EXERCISE DIRECTIONS: The data below holds the lines to copy: everything from the line containing "public boolean process(Set<?" to the line containing "1 Pair Vacation", both ends included, set down exactly.

DATA PROVIDED: Begin

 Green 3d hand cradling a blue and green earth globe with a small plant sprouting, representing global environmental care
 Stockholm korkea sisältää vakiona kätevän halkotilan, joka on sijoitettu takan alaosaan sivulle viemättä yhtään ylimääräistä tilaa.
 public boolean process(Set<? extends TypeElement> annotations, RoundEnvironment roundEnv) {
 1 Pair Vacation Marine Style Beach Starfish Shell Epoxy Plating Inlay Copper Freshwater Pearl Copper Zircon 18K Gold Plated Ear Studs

DATA PROVIDED: End
DATA PROVIDED: Begin

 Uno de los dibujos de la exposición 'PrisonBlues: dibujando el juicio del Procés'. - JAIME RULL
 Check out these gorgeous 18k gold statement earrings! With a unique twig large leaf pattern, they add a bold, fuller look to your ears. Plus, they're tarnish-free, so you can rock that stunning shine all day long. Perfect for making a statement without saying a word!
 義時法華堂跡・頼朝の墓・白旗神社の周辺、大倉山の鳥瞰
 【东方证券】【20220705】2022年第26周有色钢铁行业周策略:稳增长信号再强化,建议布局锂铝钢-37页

DATA PROVIDED: End

TASK ANSWER:
 public boolean process(Set<? extends TypeElement> annotations, RoundEnvironment roundEnv) {
 1 Pair Vacation Marine Style Beach Starfish Shell Epoxy Plating Inlay Copper Freshwater Pearl Copper Zircon 18K Gold Plated Ear Studs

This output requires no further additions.